# Why should you?



## Kieran (Aug 24, 2010)

Really! Why? :devil:


----------



## Nereffid (Feb 6, 2013)

Because.


----------



## Kieran (Aug 24, 2010)

Because we should so let's make the most of it and not complain about it afterwards!


----------



## Crudblud (Dec 29, 2011)

Well, let's analyse this question, shall we? Should we? Maybe not, and if we should, then why? Why comes from the Old English _hwi_, should comes from the Old English _sceolde_, and you comes from the Old English _eow_, but _hwi sceolde eow cearian?_


----------



## Kieran (Aug 24, 2010)

Crudblud said:


> Well, let's analyse this question, shall we? Should we? Maybe not, and if we should, then why? Why comes from the Old English _hwi_, should comes from the Old English _sceolde_, and you comes from the Old English _eow_, but _hwi sceolde eow cearian?_


The way I pronounce _hwi _makes it sound like my answer will be in the negative anyway...


----------



## science (Oct 14, 2010)

I did already, lots of times, and it was usually great. I'm going to again too, when I get a chance. 

That's why you should.


----------



## MichaelSolo (Mar 12, 2013)

I think I shouldn't, but I'll do it anyway.


----------



## Guest (May 2, 2013)

I always thought "Why _don't _we?" was a more pertinent question...

(...especially if followed by "...do it in the road")


----------



## rrudolph (Sep 15, 2011)

Why shouldn't I (or we)?


----------



## Crudblud (Dec 29, 2011)

Because I like men who wear skirts, damn it!


----------



## MichaelSolo (Mar 12, 2013)

Crudblud said:


> Because I like men who wear skirts, damn it!


Not an excuse.


----------



## science (Oct 14, 2010)

MichaelSolo said:


> Not an excuse.


But he's going to anyway.


----------



## MichaelSolo (Mar 12, 2013)

science said:


> But he's going to anyway.


Yeah____________


----------



## moody (Nov 5, 2011)

Crudblud said:


> Because I like men who wear skirts, damn it!

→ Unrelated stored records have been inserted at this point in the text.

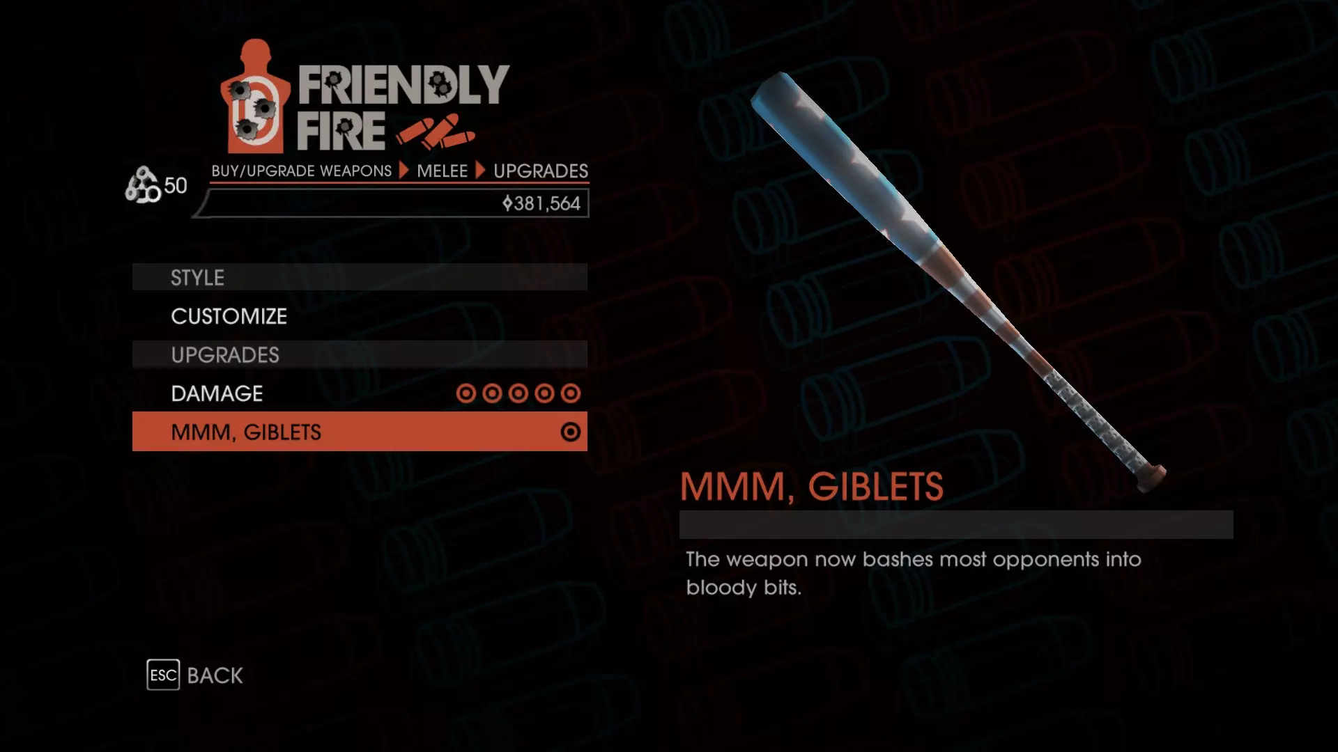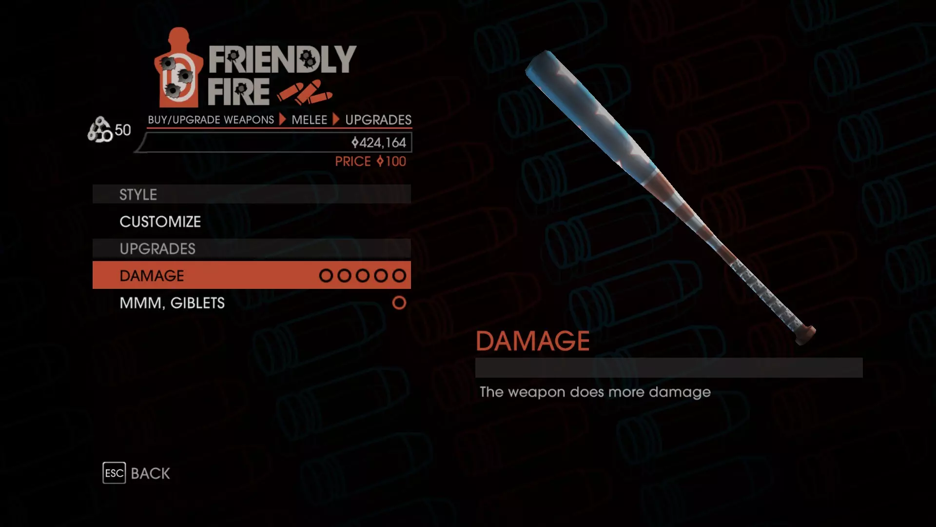 前往最近的【友好火力】商店,将棒球棍升级到满级,就能解锁对应成就。把棒球棍升到满级需要花费42600。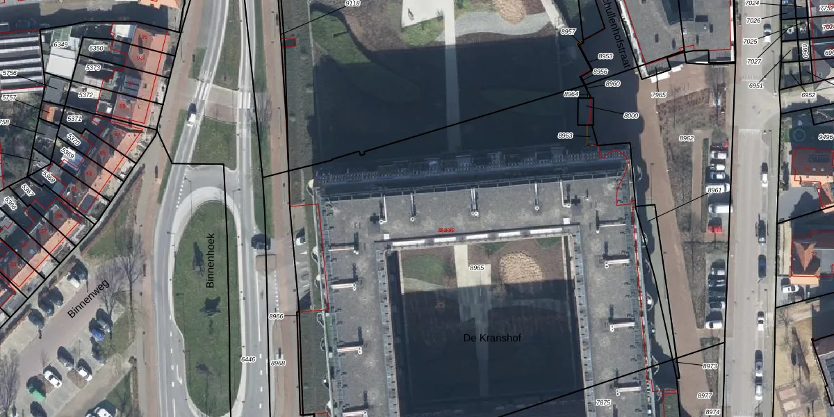 Het perceel waarop De Kranshof 34 staat heeft een oppervlakte van 5840 m². Dit is een zeer groot perceel. De perceeloppervlakte wordt geregistreerd door het Kadaster. Gedetailleerde informatie over de maten van dit perceel kunt u vinden in het rapport Kadastrale kaart met maatvoering van De Kranshof 34.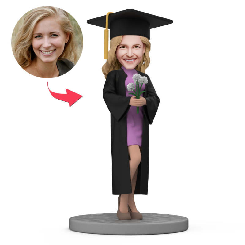 Custom Bobbleheads for Graduation Female with Flower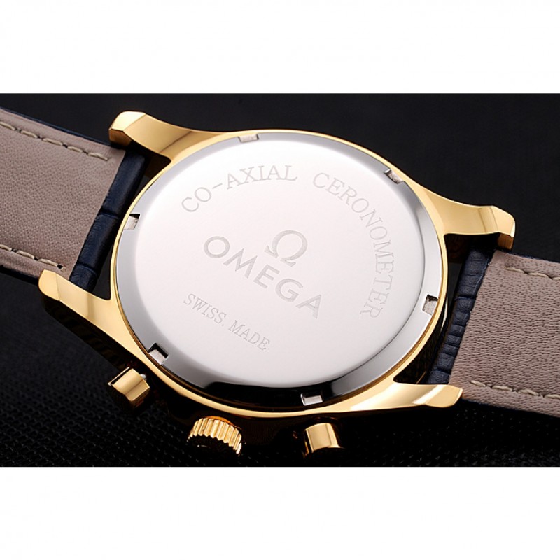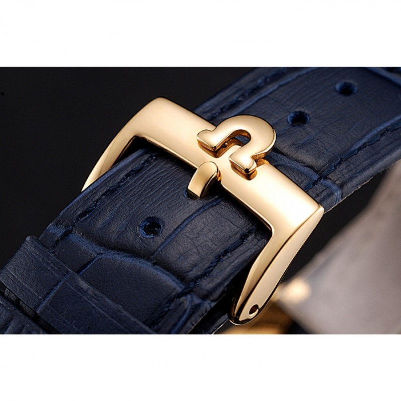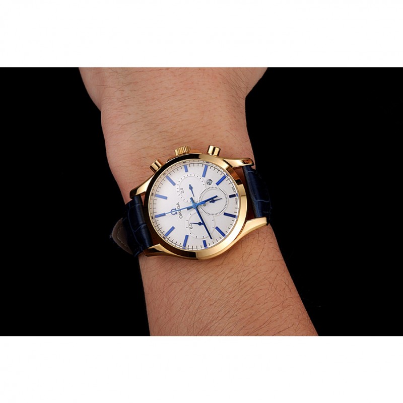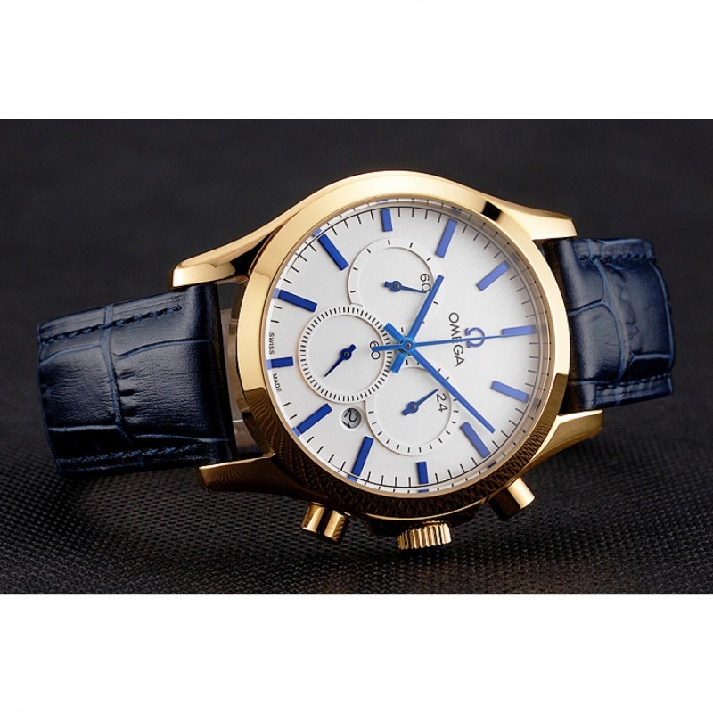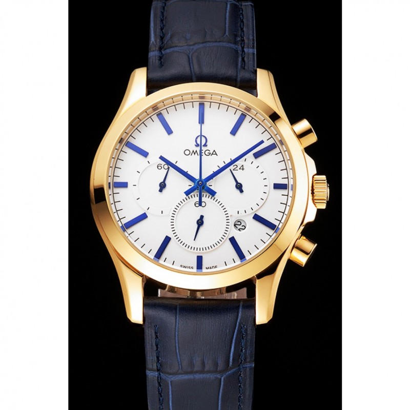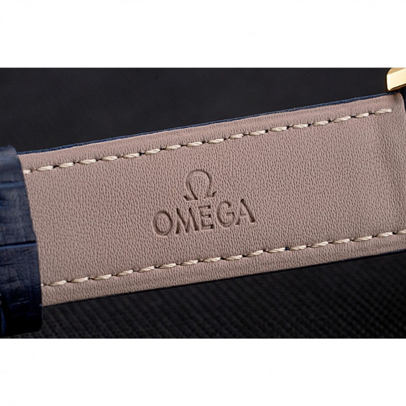 pulsera: correa de piel de cocodrilo azul Omega y el logotipo en relieve de calor con el logotipo de Omega tallada 18k oro amarillo plateado de gancho hebilla de cierre

But do they like you or are they just some wild Scots ?


----------



## moody (Nov 5, 2011)

Why should I,that is the question .
That was the original but Shakespeare decided to change it.


----------



## Mahlerian (Nov 27, 2012)

I shouldn't, I know......


----------



## ptr (Jan 22, 2013)

..just because it might vex someone!

/ptr


----------



## rrudolph (Sep 15, 2011)

ptr said:


> ..just because it might vex someone!
> 
> /ptr


----------



## Kivimees (Feb 16, 2013)

Kieran said:


> Why should you?


If I don't, someone else will.


----------



## superhorn (Mar 23, 2010)

Warum? Pourquois? Perche ? Pochemu ? Zashto ?


----------



## PetrB (Feb 28, 2012)

Crudblud said:


> Because I like men who wear skirts, damn it!


You're closer to Scotland than I am, I say, 'why not go for it?'


----------



## Mahlerian (Nov 27, 2012)

何故？なぜ？Naze?


----------



## PetrB (Feb 28, 2012)

Indeed. I'm absolutely nonplussed as to why people don't, in deed, do it


----------



## Crudblud (Dec 29, 2011)

Mahlerian said:


> 何故？なぜ？Naze?


それを行う、する必要があります。


----------



## ptr (Jan 22, 2013)

rrudolph said:


> http://www.youtube.com/watch?v=dBhjGIdL5cM


..vexing is fun!

/ptr


----------



## Mahlerian (Nov 27, 2012)

Crudblud said:


> それを行う、する必要があります。


Oh Google Translate...when will you understand grammar?


----------



## Crudblud (Dec 29, 2011)

Mahlerian said:


> Oh Google Translate...when will you understand grammar?


Grammar good Translate is Google never very.


----------